Também é réu por jogadas com
precatórios envolvendo o DNER (Departamento Nacional de Estradas de Rodagem).
Como Ministro dos Transportes, valeu-se de um acordo extrajudicial para
repassar R$ 2,3 milhões a uma empresa gaúcha (http://migre.me/uz6Vv).
Foi condenado em R$ 300 mil por
manter um servidor fantasma (http://migre.me/uz6Sv).
Em 2011 foi indiciado pela Polícia
federal por formação de quadrilha na construção das barragens Jaguari e
Taquarengó (http://migre.me/uz711).
É feliz proprietário de um terreno
onde se instalou um parque eólico, Padilha recebe R$ 1,5 milhão por ano apenas
por estar na corrente do vento (http://migre.me/uz7t8), embora vozes
maliciosas sugerissem se tratar de propina da EDP.
Mas passou a controlar a Secom (Secretaria da
Comunicação) e a inundar sites e blogs da velha mídia com o controle
centralizado da publicidade de todas as estatais.
Com isso, transmudou—se. Eliseu
Padilha aparece nos jornais com aspecto grave, pontificando sobre reforma da
Previdência, reforma administrativa, diplomacia. Tem a última palavra para
liberar verbas milionárias para estados (http://migre.me/uz7vQ). Tornou-se o segundo
homem mais poderoso de um país continental, com mais de 200 milhões de
habitantes. E sob as vistas benevolentes dos mais intimoratos defensores da
moralidade pública que a República já conheceu: o Procurador Geral da República
Rodrigo Janot, a Força tarefa da Lava Jato, colunistas moralistas da velha
mídia.
Cena 2 – a destruição de direitos
sociais
Montou-se o seguinte pacto dos justos:
1. Em 2016 o orçamento
federal será utilizado para pagar a conta do impeachment. Houve aumento para as
emendas parlamentares, para as carreiras que mais contribuíram para a vitória.
Ao mesmo tempo, manteve-se no Banco Central a política de Selic a 14,15% com
apreciação cambial, propiciando enormes lucros para os especuladores que
apostaram na queda do dólar pós-golpe.
2. O enorme déficit
contratado para 2016 e 2017 será compensado pela lei de limitação de gastos
públicos. Se congelarão as despesas no menor nível da década (porque após dois
anos de recessão). Depois de aprovada a lei, só poderão ser corrigidas pela
inflação. Como os gastos com a Previdência continuarão aumentando, pelo
envelhecimento da população, haverá cada vez menos recursos para saúde,
educação, políticas assistenciais e todos os demais gastos públicos. E a conta
de juros continuará sem limitações.
3. A lambança fiscal deste
ano ajudará de algum modo na recuperação moderada da economia. A médio prazo, a
situação não será sustentável, a menos que se coloque o Exército nas ruas para
administrar a segurança.
4. A estratégia não é
eleitoralmente viável para 2018. Mesmo esperando alguma recuperação da economia
– que parece ter batido no fundo do poço.

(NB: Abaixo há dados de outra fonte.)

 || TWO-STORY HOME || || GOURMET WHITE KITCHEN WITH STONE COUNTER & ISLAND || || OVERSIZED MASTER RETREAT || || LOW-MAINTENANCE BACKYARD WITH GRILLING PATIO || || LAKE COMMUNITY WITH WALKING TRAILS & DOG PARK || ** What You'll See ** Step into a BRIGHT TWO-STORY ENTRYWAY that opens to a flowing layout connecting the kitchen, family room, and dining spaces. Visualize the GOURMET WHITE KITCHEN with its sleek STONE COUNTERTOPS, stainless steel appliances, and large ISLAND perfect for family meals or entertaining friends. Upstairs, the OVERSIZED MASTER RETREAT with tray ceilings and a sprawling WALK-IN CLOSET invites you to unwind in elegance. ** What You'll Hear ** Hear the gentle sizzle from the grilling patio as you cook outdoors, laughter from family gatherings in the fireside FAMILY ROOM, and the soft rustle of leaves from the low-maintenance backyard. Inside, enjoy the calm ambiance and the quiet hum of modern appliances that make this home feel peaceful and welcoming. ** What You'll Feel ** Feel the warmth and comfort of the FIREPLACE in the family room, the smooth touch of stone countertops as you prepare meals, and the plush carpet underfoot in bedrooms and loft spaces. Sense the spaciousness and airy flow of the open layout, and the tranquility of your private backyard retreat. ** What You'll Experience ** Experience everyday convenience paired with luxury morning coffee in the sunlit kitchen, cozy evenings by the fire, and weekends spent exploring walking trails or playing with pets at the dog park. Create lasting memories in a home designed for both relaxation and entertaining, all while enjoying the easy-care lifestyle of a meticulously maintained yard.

Tem-se, então, um modelo em xeque.
O atual grupo de poder conseguiu salvo-conduto na
condição de abrir o saco de maldades e liquidar com direitos consagrados na
Constituição de 1988.
Mas vai-se chegar a 2018 com a dívida pública muito
mais elevada – devido às lambanças desses dois anos – e sem a menor garantia de
manutenção desse pacote devido a essa inconveniência das democracias chamada de
voto popular.
Não é nenhum pouco factível a ideia de um grupo de
desprendidos, dispostos a passar dois anos praticando maldades para depois
passar o bastão para terceiros.
De duas, uma: ou prolongarão a irresponsabilidade
fiscal; ou tratarão de se articular para impedir as eleições de 2018.

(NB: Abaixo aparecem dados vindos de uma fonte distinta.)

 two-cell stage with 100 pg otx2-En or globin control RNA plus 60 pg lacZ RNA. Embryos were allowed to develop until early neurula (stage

Cena 3 – os sinais da ditadura que se
avizinha
Conforme o “Xadrez” antecipou, o caminho natural
será apostar na figura do inimigo interno visando primeiro partir para uma
democracia mitigada e, mais à frente, para um endurecimento maior do regime,
provavelmente inviabilizando 2018.
O grupo que tomou o poder é alvo de muitas
críticas. Mas há de se reconhecer que, no exercício do poder, são
profissionais, incomparavelmente mais eficientes do que o amadorismo
constrangedor do governo deposto: sabe intimidar os que se intimidaram; e a
comprar os que se vendem.
Basta ver a reação da cúpula do governo à
informação de que Michel Temer estaria inelegível pela Lei da Ficha Limpa: “Não
tem problema: mudaremos a lei”.
Hoje em dia, todas as nomeações, inclusive de
funcionários concursados, passam pelo crivo do Ministro Padilha, com a
assessoria do general Sérgio Etchegoyen, do GSI (Gabinete de Segurança
Institucional). Há um estímulo à delação, visando eliminar qualquer sinal de
resistência na máquina pública.
Multiplicam-se as ações contra Lula do mesmo modo
que desaparecem as ações contra políticos do PSDB. Tanto na PGR quanto na Força
Tarefa da Lava Jato mantém informações sob sigilo, só sendo vazadas informações
contra Lula e o PT.
Cena 4 – os responsáveis
Seria esse o objetivo final do Procurador Geral da
República Rodrigo Janot, da força-tarefa da Lava Jato, do juiz Sérgio Moro, da
Globo, de entregar o país a um grupo tão polêmico? Tenho para mim que não.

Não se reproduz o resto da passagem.